The information value of polar debate can be high for the casual observer who can read through the rhetoric. The process of marshalling arguments for one perspective and against another inevitably points up strengths and weaknesses that might not have been recognized otherwise. It may be nonexistent for at least some debate participants, who often appear to read opposing appends primarily for the purpose of ripping them to pieces in a subsequent append. This kind of behavior, whether intended as such or not, is the major problem with polar debate. The administrators of IBMPC try to encourage participants to look for common ground in their discussions, and this sometimes means closing down a debate that appears to be on the verge of violating the formal IBMPC RULES or which is otherwise out of control.

The trend to discussion in computer conferencing is not universal, however. At least two of the computer conferencing genres identified here are strictly informational, entailing no discussion: answers files and voluntary newsletters. Both of these genres are essentially presentational. In the case of voluntary newsletters, individuals make personal contributions of source code, news abstracts, or other discontinuous material. In the case of answers files, a discussion (usually a computer mediated query) is abstracted to its essential question and best (in the judgement of the contributor) answers. The material is, once again, discontinuous, and were it not for the highly specific question-answer structure of every contribution and the way in which answers entries are used, answers files might not be distinguishable from voluntary newsletters.
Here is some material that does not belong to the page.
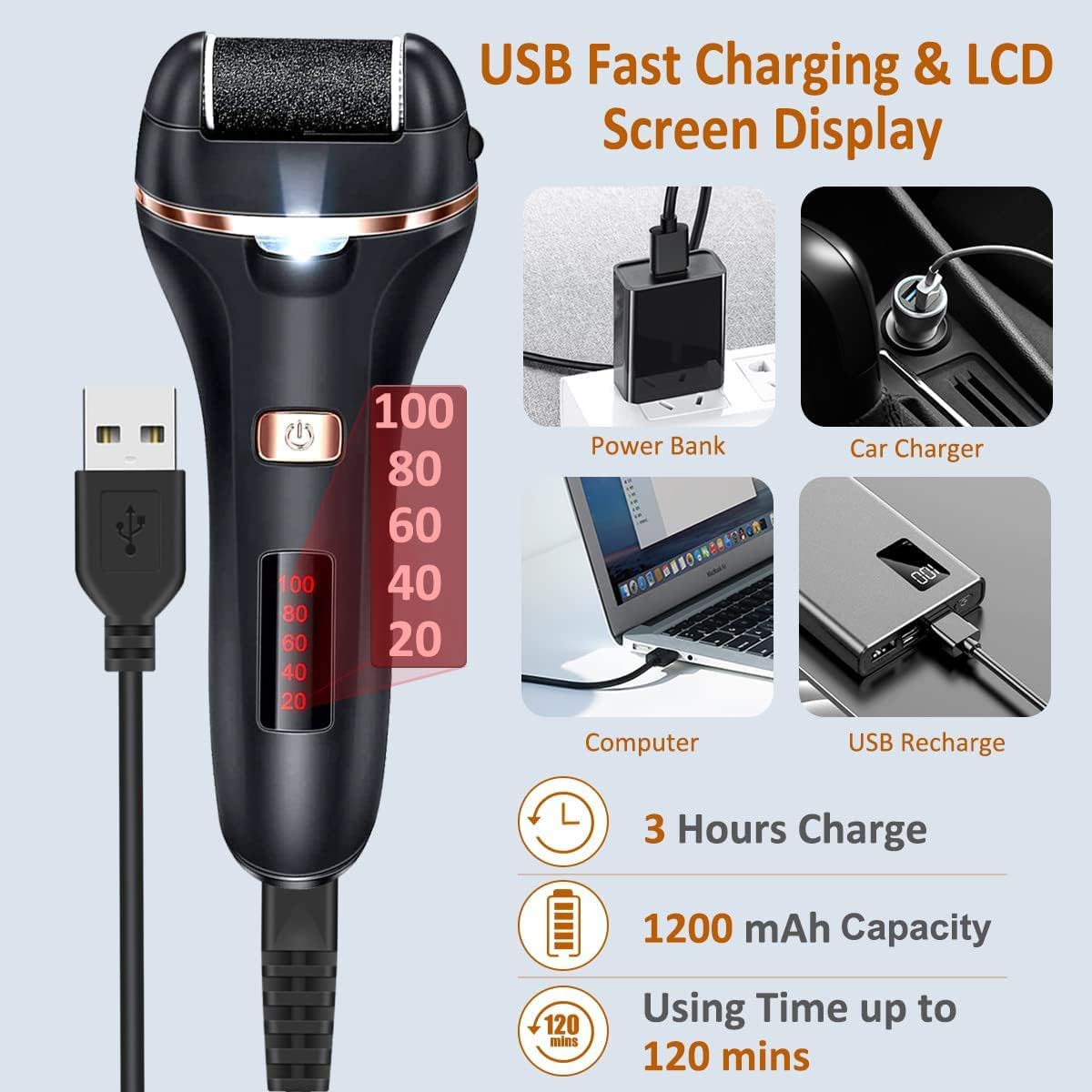 • 【 LED Remaining Power Display】 Rechargeable foot callus removers charging time for 2-3 hours, it can powerfully run continuously for about 120 Minutes. USB Charging Cable can be charged easily with power bank, car charger, computer, etc. You can easily see remaining power and when to charge
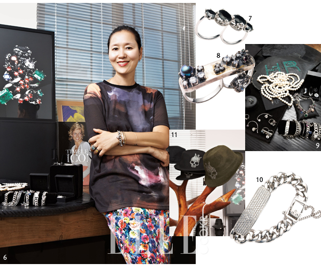 원래 주얼리나 다른 액세서리에 관심이 많은 편이었나 지금은 직업상 홍보를 위해서라도 귀고리, 목걸이, 팔찌, 반지를 조금씩 연출하는데 원래는 반지도 잘 안 끼는 스타일이었다. 하지만 소장하는 의미로 다양한 주얼리 컬렉션을 사 모았다. 슈즈도 좋아한다. 옷의 경우 굳이 디자이너 브랜드가 아니어도 아메리칸 어패럴 V네크라인 티셔츠 하나만 있어도 잘 입고 다니는 편이다. 5년 전까지만 해도 클럽에서 발이 퉁퉁 부어도 힐을 신었는데 요즘엔 스니커즈가 제일 좋다. 직접 오더해서 구입할 만큼 나이키 마니아이기도 하고 루디 데이비스도 좋아한다. 개인적으로 가장 애착이 가는 HR 피스는 HR의 시그너처인 체인 시리즈가 가장 좋다. 공장에서 그냥 찍어 놓은 체인이 아니라 모두 산소 용접을 해서 체인을 완성한 것이 가장 큰 특징이다. 체인에 뭔가 검게 묻어 있기도 하는데, 코스튬 주얼리인데도 독특한 날것 느낌이 좋다. 너무 예쁘게 정돈되고 비율이 맞는 것보단 거칠고 손을 탈수록 아름다워지는 게 HR의 매력이다.

Interaction or Information

The intermingling of some measure of both interaction and information is probably inherent to any medium. The interaction may be minimal; restricted, as it frequently is for mass media, to letters to the editor and other media complaints. The information may be minimal; restricted, as it frequently is in interpersonal media, to selectively presented "facts" that bear on whatever issue in under discussion. Books and newspapers are primarily information oriented (even when the information is presented to entertain). Telephone calls and face to face interaction are primarily interaction-oriented.

Computer conferencing, by contrast to these and other media, entails a strong intermingling of interaction and information. Some genres of computer conferencing are entirely oriented to information. Other genres are almost entirely oriented to interaction. This strong intermingling, and the strongly contrasting genres of computer conferencing that it entails, are probably largely responsible for the typological middle ground that computer conferencing enjoyed in both the formal typology and the user assessment of media using that typology.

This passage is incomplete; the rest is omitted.